In this chapter, we will cover the following topics:
- Revisiting the navigation application
- The priority queue data structure
- Visualizing search trees
- Greedy Best-First Search (BFS)
- The A* Search
- Features of a good heuristic
Revisiting the navigation application
In Chapter 2, Understanding the Breadth-First Search Algorithm, we saw the university navigation application, with which we wanted to find our way from the Bus Stop to the AI Lab. In the BFS method, we assume that the distance between connected places is one (that is, the same). However, in reality, that is not the case. Now, let's assume that the university is designed as follows:
Figure 1
The values in green are the actual distances between the connected places. Let's go ahead and create a dictionary, storing the locations of these places:
...
#connections between places
connections = {}
connections["Bus Stop"] = {"Library"}
connections["Library"] = {"Bus Stop", "Car Park", "Student Center"}
connections["Car Park"] = {"Library", "Maths Building", "Store"}
connections["Maths Building"] = {"Car Park", "Canteen"}
connections["Student Center"] = {"Library", "Store" , "Theater"}
connections["Store"] = {"Student Center", "Car Park", "Canteen", "Sports Center"}
connections["Canteen"] = {"Maths Building", "Store", "AI Lab"}
connections["AI Lab"] = {"Canteen"}
connections["Theater"] = {"Student Center", "Sports Center"}
connections["Sports Center"] = {"Theater", "Store"}
...
In the Python NavigationData.py module, we have created a dictionary called connections; this dictionary stores the connections between places. They are similar to the connections between people that we saw in the LinkedIn connection feature application in Chapter 2, Understanding the Breadth-First Search Algorithm:
...
#location of all the places
location = {}
location["Bus Stop"] = [2, 8]
location["Library"] = [4, 8]
location["Car Park"] = [1, 4]
location["Maths Building"] = [4, 1]
location["Student Center"] = [6, 8]
location["Store"] = [6, 4]
location["Canteen"] = [6, 1]
location["AI Lab"] = [6, 0]
location["Theater"] = [7, 7]
location["Sports Center"] = [7, 5]
...
We also have the location dictionary for storing the locations of places. The keys of the location dictionary are the places, and the values are the x and y coordinates of those places.
In DFS, preference was given to the child nodes while exploring the search tree; in BFS, preference was given to the sibling nodes. In heuristic searching, preference is given to nodes with lower heuristic values.
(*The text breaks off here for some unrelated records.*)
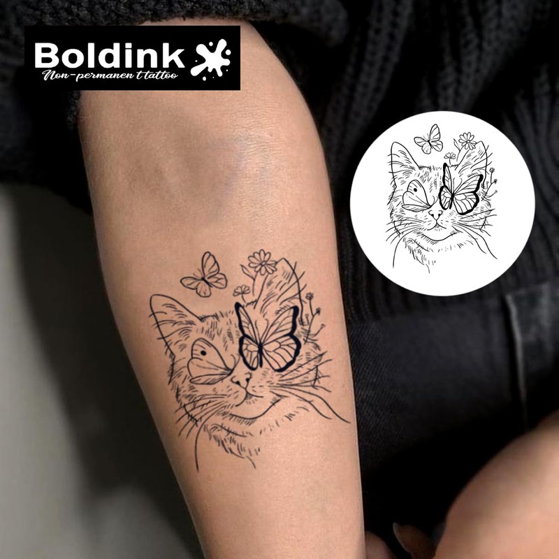 Boldink Temporary Tattoos, semi permanent tattoos, 15-day long lasting tattoo sticker, waterproof and anti-reflective, unique design(Butterfly and Cat)
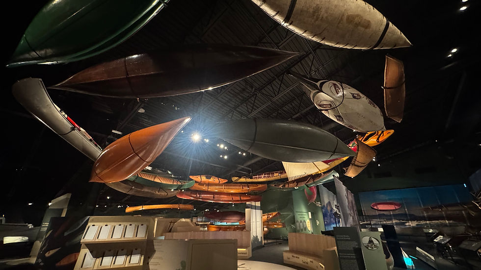 Inside, the museum is bright and expansive. Can you imagine canoes suspended overhead, almost like motion frozen in time? It doesn’t feel stiff or untouchable — it feels alive. As you move through the space, you quickly realize this isn’t just about boats. It’s about movement, survival, exploration, and the relationship between people and nature.
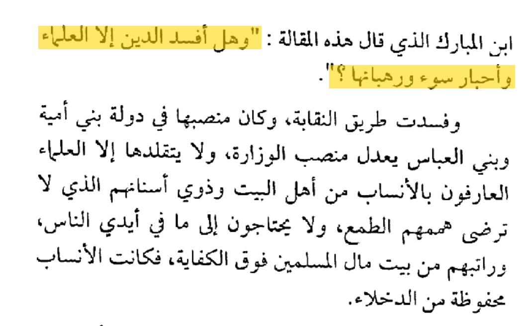 ▪︎""فرحم الله المبارك الذي قال هذه المقالة : وهل أفسد الدين إلا العلماء وأحبار سوء ورهبانها ؟".
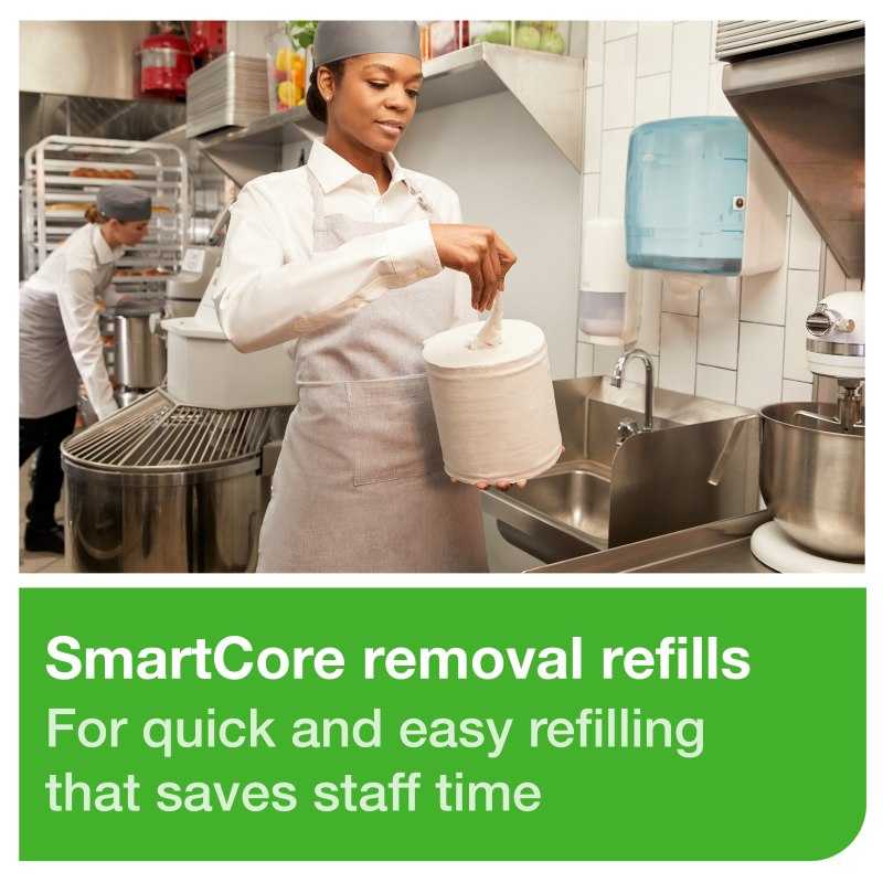 - Easily operate the dispenser with one hand and efficiently refill with our SmartCore. Avoid the hassle of running out of paper with our handy run out indicator.
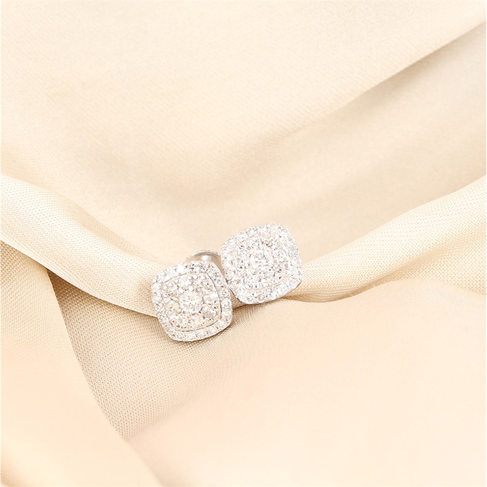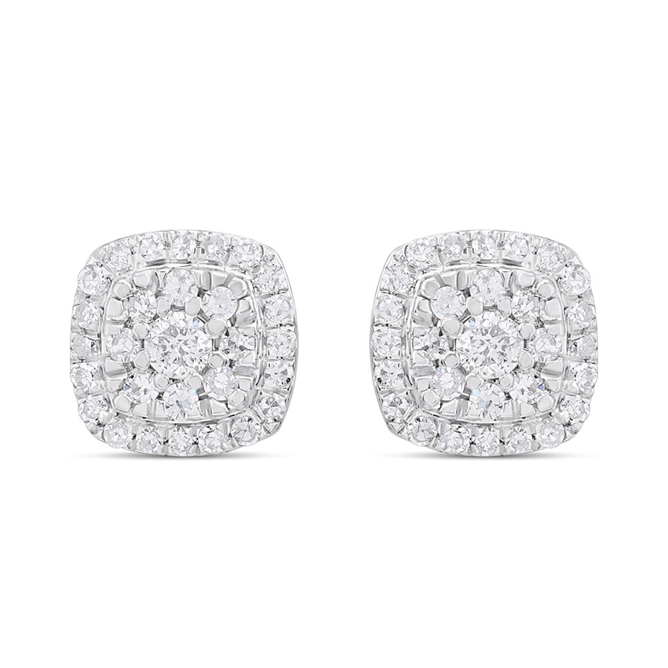 Platinum Cushion-Shaped Diamond Cluster Studs Earrings, 1/4ct/pr - D08502

Now, let's look at the term heuristic. A heuristic is a property of the class node. It is a guess, or estimate, of which node will lead to the goal state faster than others. This is a strategy used to reduce the nodes explored and reach the goal state quicker:
Figure 2
For example, suppose that we're at the red node in the preceding diagram, and it has two child nodes—the yellow node and the green node. The green node seems to be much closer to the goal state, so we would select that node for further exploration.
We'll see the following two heuristic search algorithms as we proceed with this chapter:
- The greedy BFS algorithm
- The A* Search algorithm
The priority queue data structure
A priority queue is a queue in which each element has a priority. For example, when passengers are waiting in a queue to board a flight, families with young children and business class passengers usually take priority and board first; then, the economy class passengers board. Let's look at another example. Suppose that three people are waiting in a queue to be attended to at a service counter, and an old man steps in at the end of the queue. Considering his age, the people in the queue might give him a higher priority and allow him to go first. Through these two examples, we can see that the elements in a priority queue have priorities, and they are processed in order of those priorities.
Just like in queuing, we have operations to insert elements into a priority queue. The insert operation inserts an element with a specific priority. Consider the following diagram, illustrating the insert operation:
Figure 3
In the preceding diagram, element A is inserted with priority 5; since the priority queue is empty, the element is kept at the front. In Python, elements with low priorities are arranged toward the front of the queue, and elements with high priority values are arranged toward the end of the priority queue. This means that elements with low priority values are processed fi...